In the example sheet I have a set of data, which I need to group by one column and count unique values in the other one. There's a workaround there, but it involves two formulas plus another one that would sort it properly (data set is growing and rows get added, so sorting manually is not the best option).

Query function (or, my knowledge of Query function) doesn't seem to be able to count unique values, so it's not working. Googling hasn't helped me much with this.

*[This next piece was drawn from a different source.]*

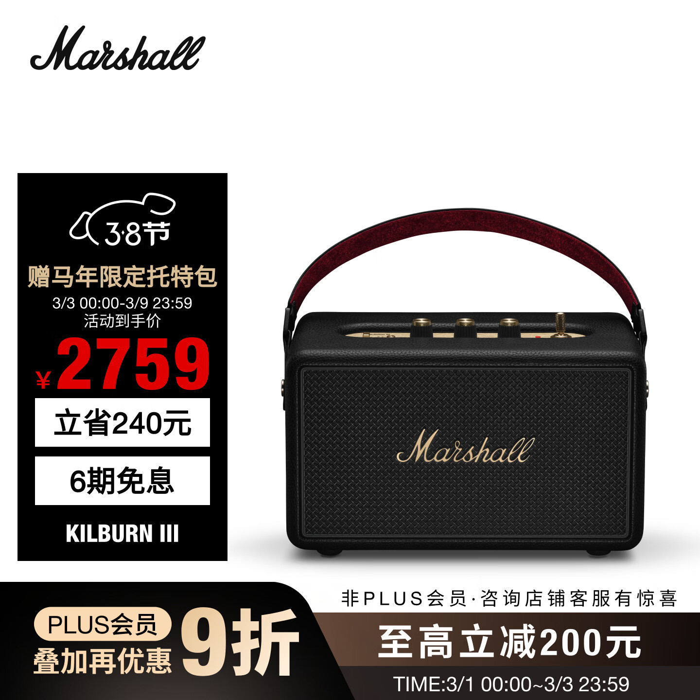 Marshall(马歇尔)Kilburn III音箱无线蓝牙便携式3代家用户外防水重低音节日礼物音箱 黑金色

Since the data will grow, the idea is to avoid pivots here, and I'd need to update pivot filters all the time to list all new locations and have blanks excluded. Want to have it as automated as possible

UPD:

I found it! Thanks to ahab, works like a charm.

If two columns follow each other: 

 =ArrayFormula( SORT (QUERY( UNIQUE( TRIM(A:B) ); 
    "Select Col1, count(Col2) Where Col1<>'' Group by Col1 Order by Col1  
    Label Col1 '', count(Col2) '' " ; 0), 2, FALSE)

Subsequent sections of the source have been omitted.